» **What is being asked**
Go to the line with "Spielend überwinden sie" in the material below and copy from there through the line with "(2)系统用户:管理员可以对", exactly. Pictures are not copied.

» **Information supplied**
'''
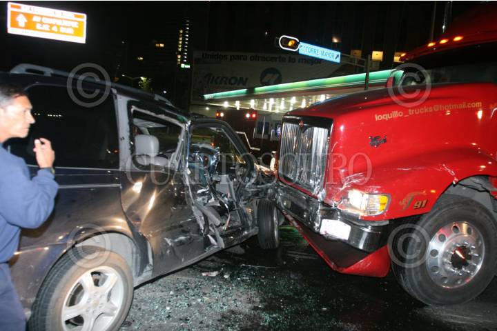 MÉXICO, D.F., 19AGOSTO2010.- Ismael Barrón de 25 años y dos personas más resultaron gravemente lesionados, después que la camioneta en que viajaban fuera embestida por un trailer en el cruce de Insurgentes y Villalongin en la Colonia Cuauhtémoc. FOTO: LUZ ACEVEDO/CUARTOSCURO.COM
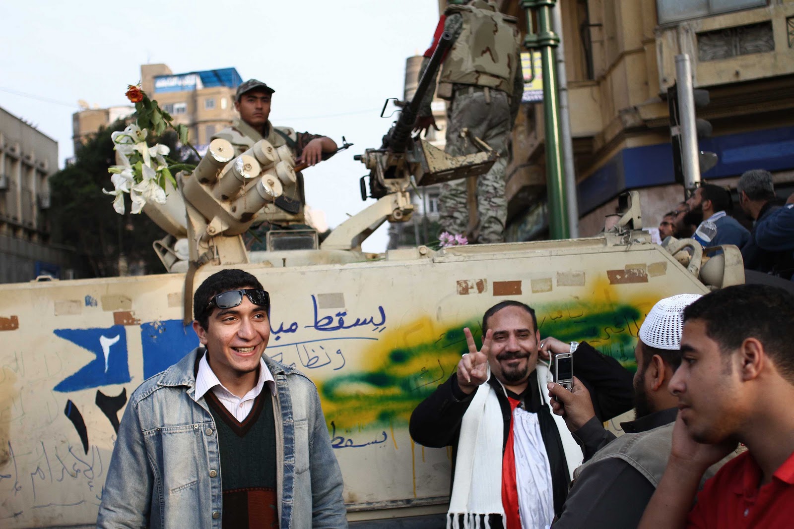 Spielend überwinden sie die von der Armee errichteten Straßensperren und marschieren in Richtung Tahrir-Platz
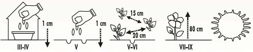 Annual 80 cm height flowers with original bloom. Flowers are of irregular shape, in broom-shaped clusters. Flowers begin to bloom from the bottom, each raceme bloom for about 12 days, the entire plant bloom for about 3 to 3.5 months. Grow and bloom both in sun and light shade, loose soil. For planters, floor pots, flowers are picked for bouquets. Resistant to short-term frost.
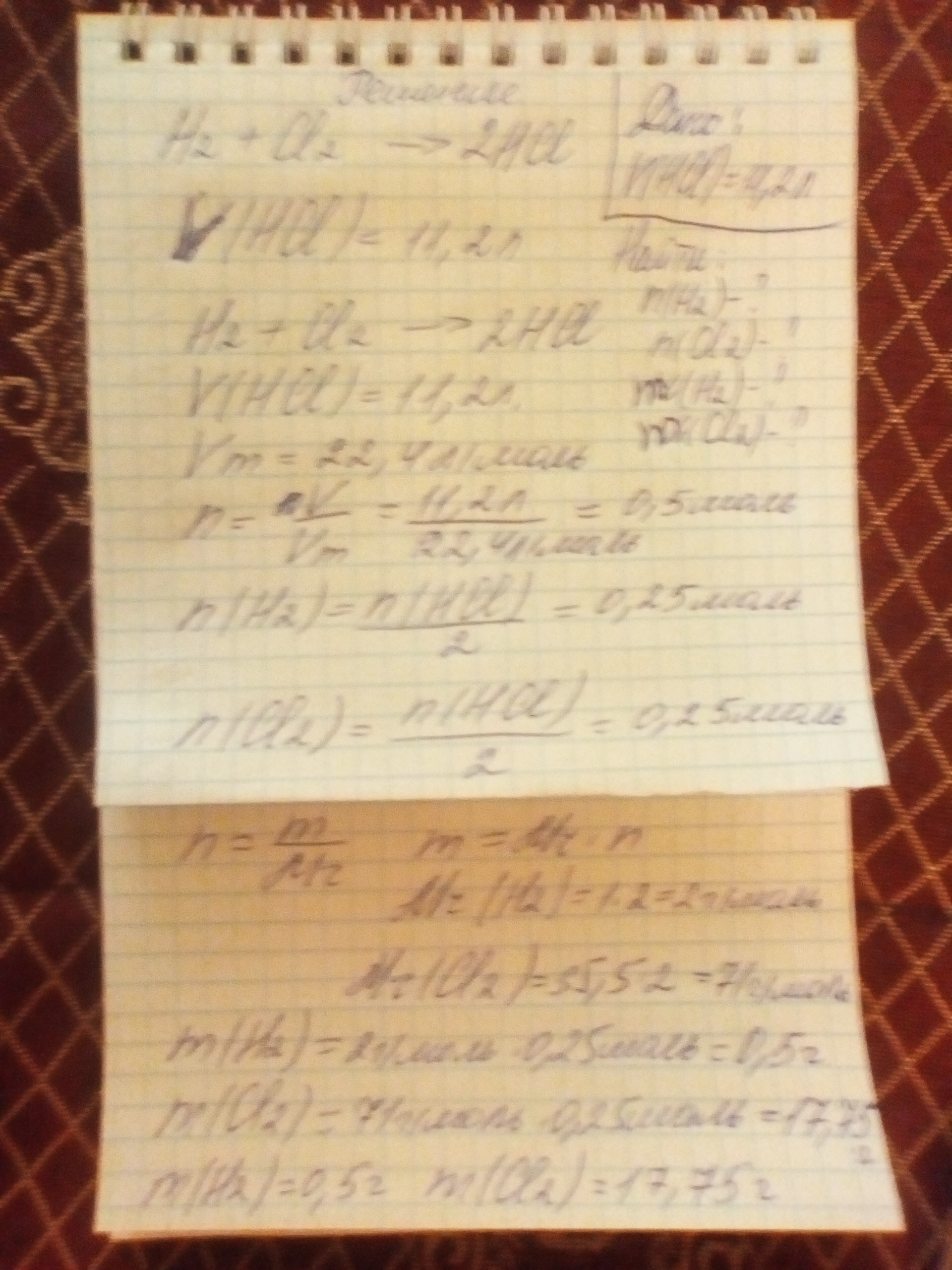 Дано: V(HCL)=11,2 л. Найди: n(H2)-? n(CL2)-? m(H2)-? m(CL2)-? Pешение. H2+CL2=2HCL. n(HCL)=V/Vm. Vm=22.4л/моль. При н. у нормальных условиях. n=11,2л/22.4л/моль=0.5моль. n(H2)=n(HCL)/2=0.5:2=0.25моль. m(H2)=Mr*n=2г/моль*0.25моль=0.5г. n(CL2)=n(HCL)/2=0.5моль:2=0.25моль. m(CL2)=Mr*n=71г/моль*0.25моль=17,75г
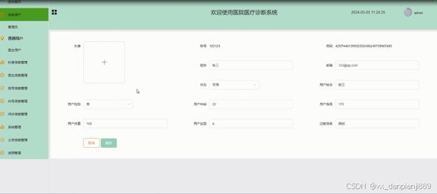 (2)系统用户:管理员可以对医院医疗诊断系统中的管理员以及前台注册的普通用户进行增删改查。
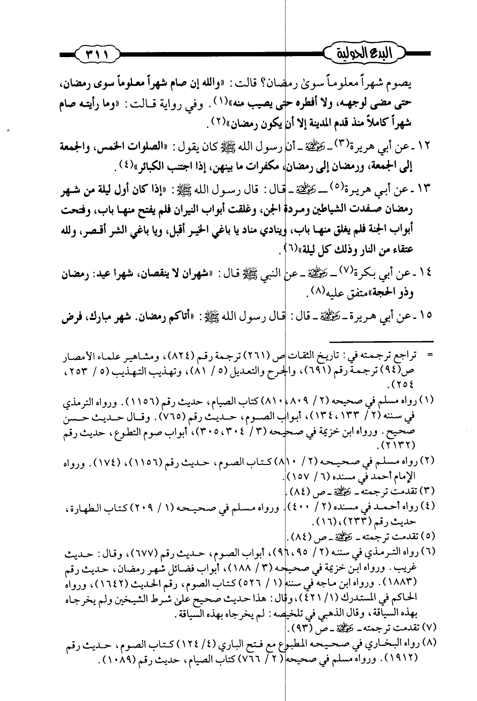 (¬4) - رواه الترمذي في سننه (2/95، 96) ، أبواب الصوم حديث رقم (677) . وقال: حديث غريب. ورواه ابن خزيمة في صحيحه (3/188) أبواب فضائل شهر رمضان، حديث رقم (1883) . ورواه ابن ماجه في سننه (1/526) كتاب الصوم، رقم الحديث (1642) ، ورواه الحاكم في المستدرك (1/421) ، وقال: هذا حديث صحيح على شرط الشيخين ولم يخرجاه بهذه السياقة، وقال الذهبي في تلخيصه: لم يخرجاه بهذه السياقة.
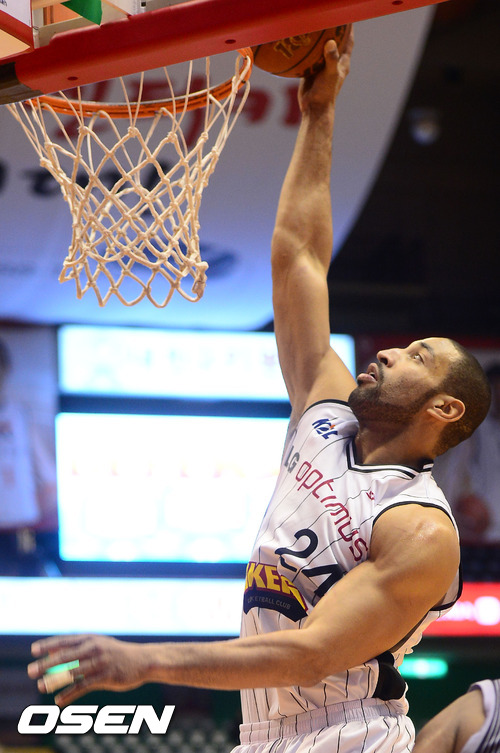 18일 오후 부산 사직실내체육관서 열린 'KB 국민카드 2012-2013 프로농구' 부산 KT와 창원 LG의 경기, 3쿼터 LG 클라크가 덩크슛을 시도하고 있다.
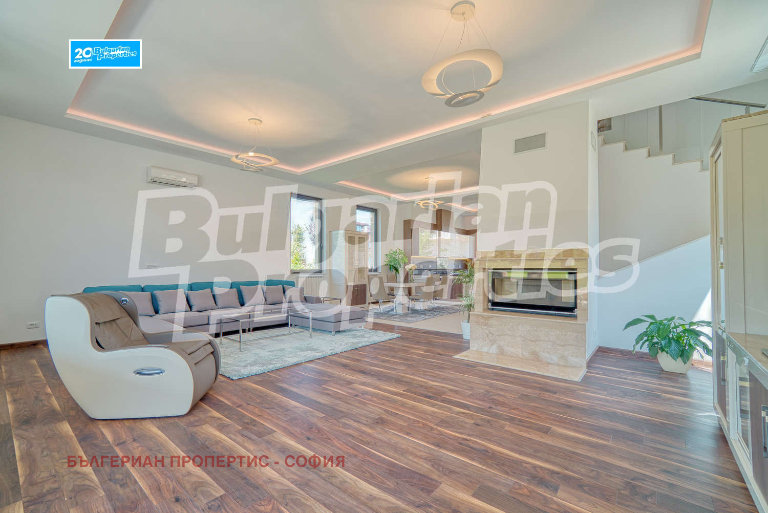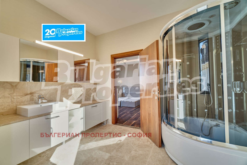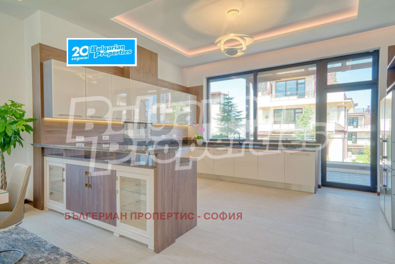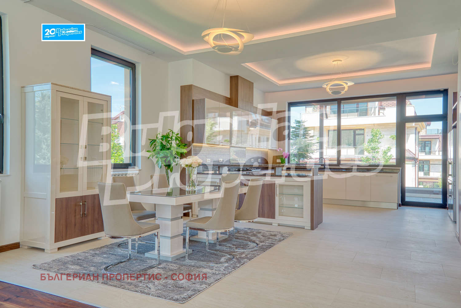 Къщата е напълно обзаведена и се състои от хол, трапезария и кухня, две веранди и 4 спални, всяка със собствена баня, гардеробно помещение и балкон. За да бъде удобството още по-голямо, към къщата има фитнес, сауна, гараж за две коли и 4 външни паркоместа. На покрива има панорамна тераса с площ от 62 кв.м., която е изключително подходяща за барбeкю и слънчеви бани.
'''
'''
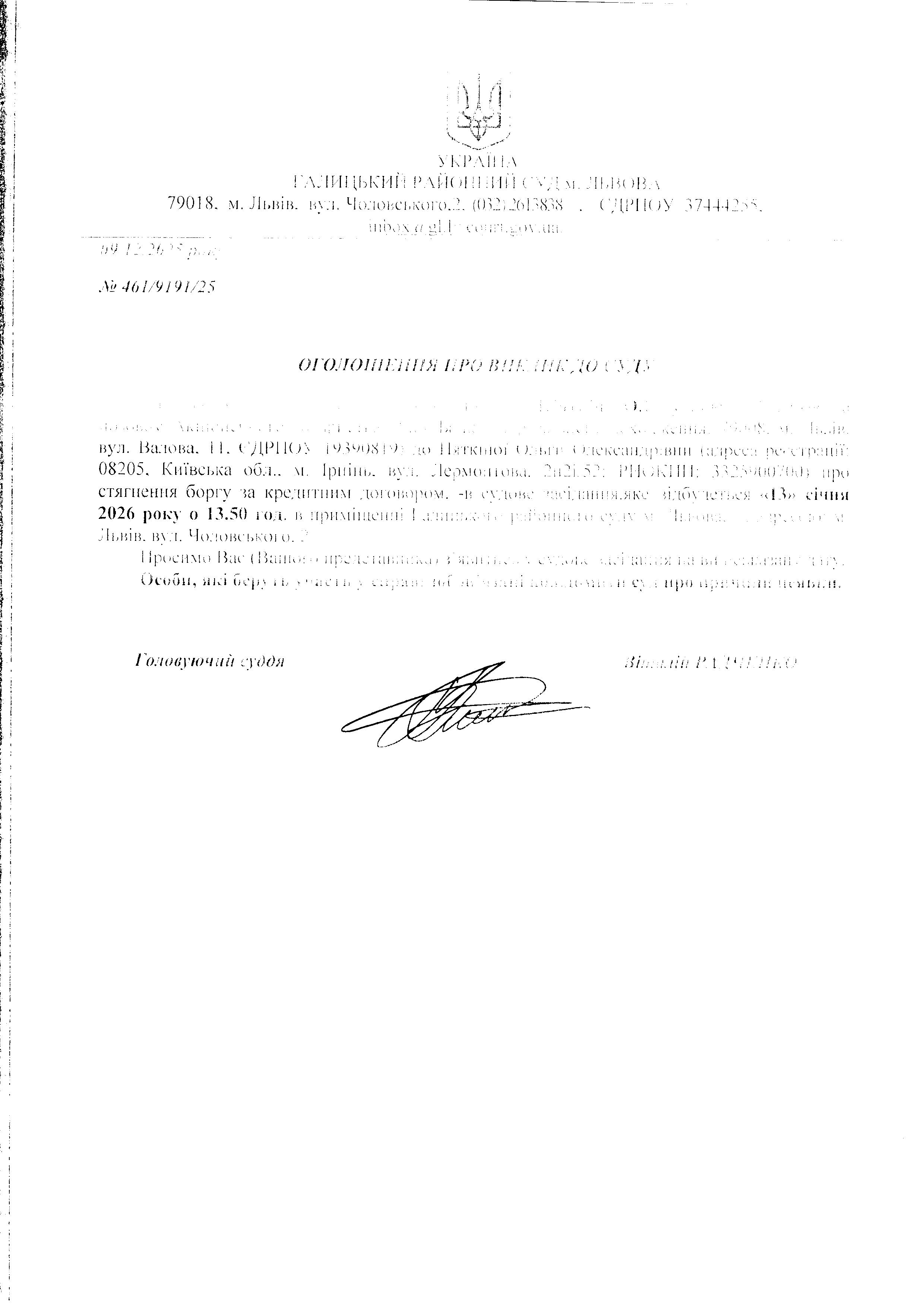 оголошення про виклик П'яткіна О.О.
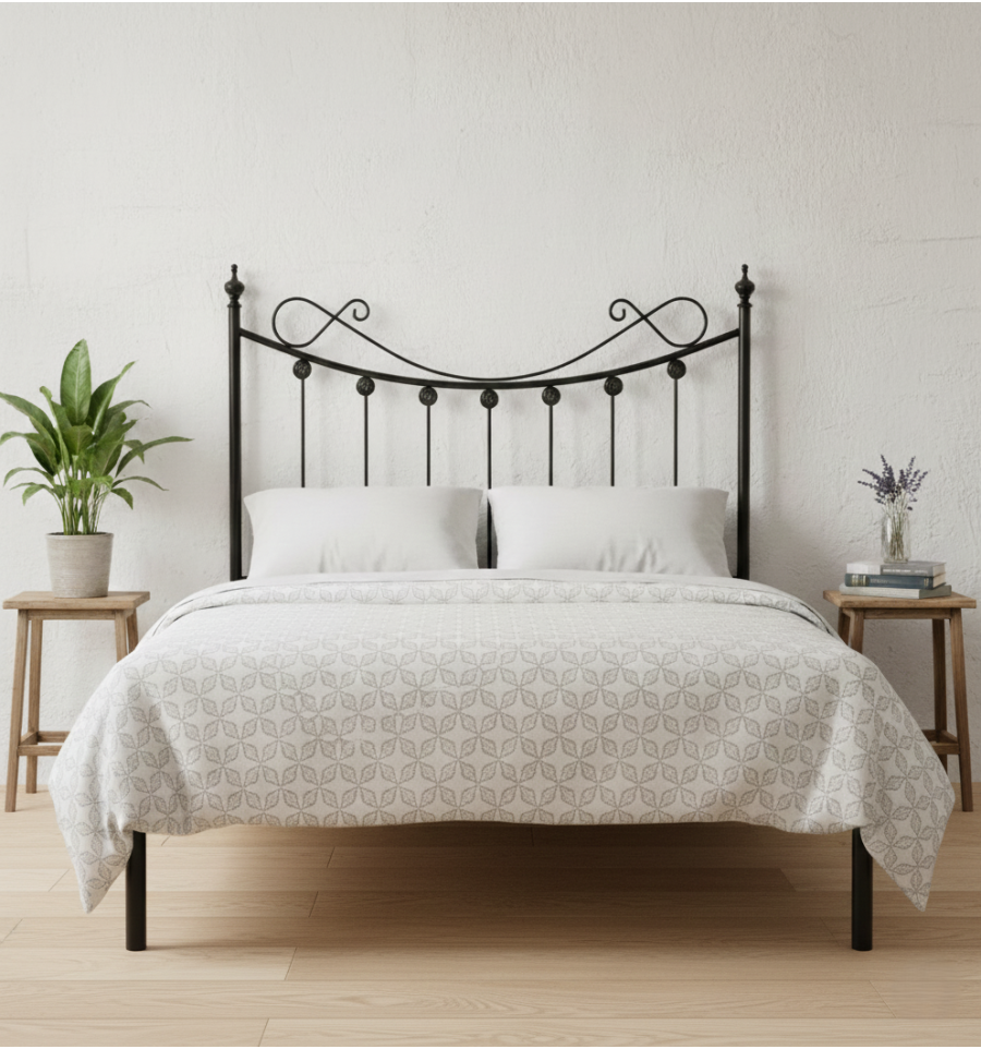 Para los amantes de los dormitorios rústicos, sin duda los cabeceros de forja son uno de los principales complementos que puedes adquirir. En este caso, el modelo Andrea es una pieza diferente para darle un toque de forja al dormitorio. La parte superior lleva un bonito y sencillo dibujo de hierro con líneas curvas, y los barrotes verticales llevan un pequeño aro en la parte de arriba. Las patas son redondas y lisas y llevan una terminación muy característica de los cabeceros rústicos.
'''
'''
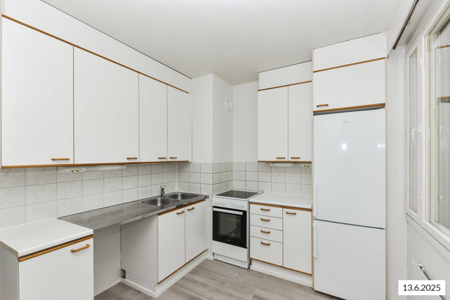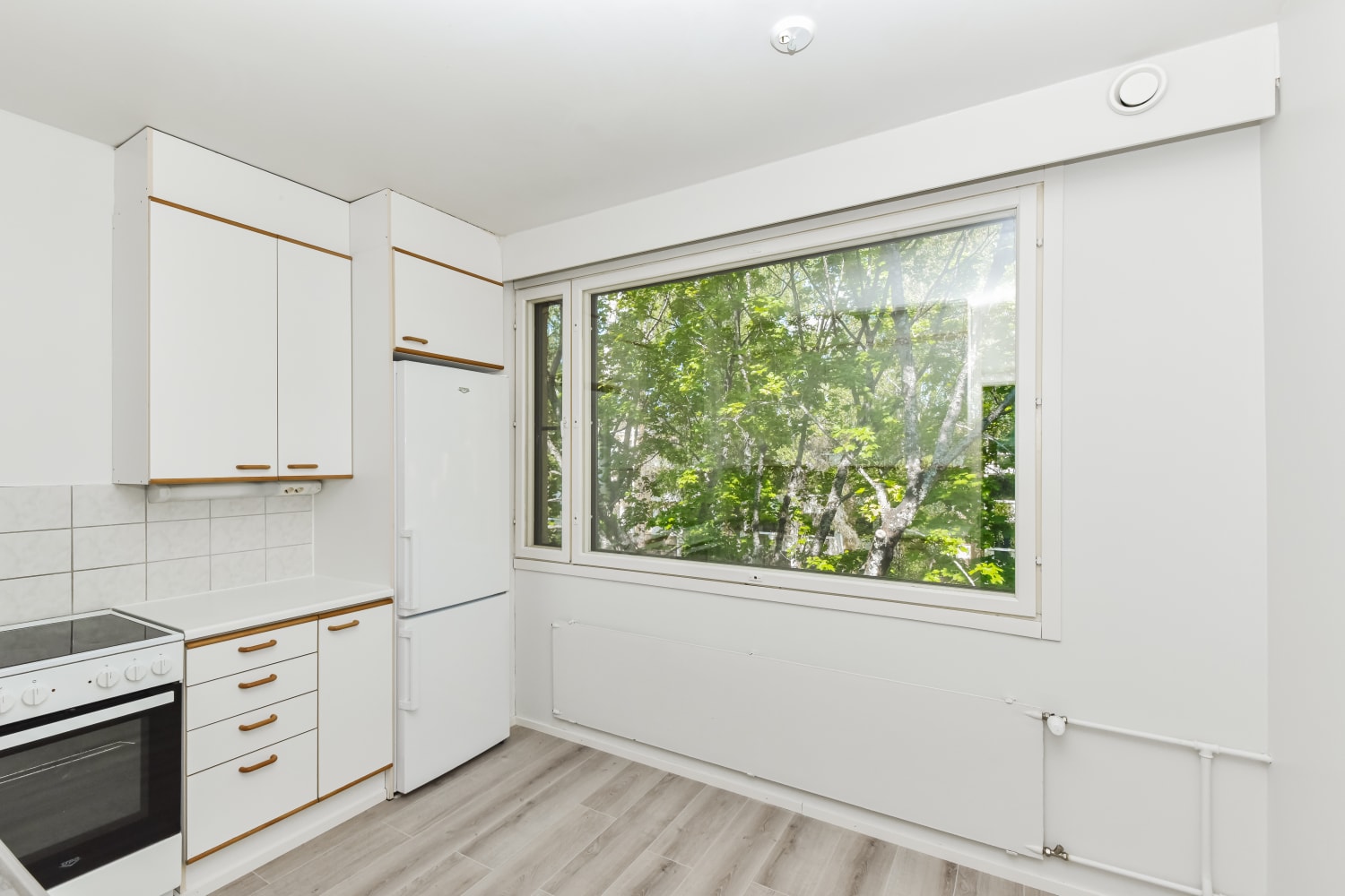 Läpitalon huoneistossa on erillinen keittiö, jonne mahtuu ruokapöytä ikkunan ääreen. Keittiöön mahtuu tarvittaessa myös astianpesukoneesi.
'''
» **Answer to this problem**
 Spielend überwinden sie die von der Armee errichteten Straßensperren und marschieren in Richtung Tahrir-Platz
 Annual 80 cm height flowers with original bloom. Flowers are of irregular shape, in broom-shaped clusters. Flowers begin to bloom from the bottom, each raceme bloom for about 12 days, the entire plant bloom for about 3 to 3.5 months. Grow and bloom both in sun and light shade, loose soil. For planters, floor pots, flowers are picked for bouquets. Resistant to short-term frost.
 Дано: V(HCL)=11,2 л. Найди: n(H2)-? n(CL2)-? m(H2)-? m(CL2)-? Pешение. H2+CL2=2HCL. n(HCL)=V/Vm. Vm=22.4л/моль. При н. у нормальных условиях. n=11,2л/22.4л/моль=0.5моль. n(H2)=n(HCL)/2=0.5:2=0.25моль. m(H2)=Mr*n=2г/моль*0.25моль=0.5г. n(CL2)=n(HCL)/2=0.5моль:2=0.25моль. m(CL2)=Mr*n=71г/моль*0.25моль=17,75г
 (2)系统用户:管理员可以对医院医疗诊断系统中的管理员以及前台注册的普通用户进行增删改查。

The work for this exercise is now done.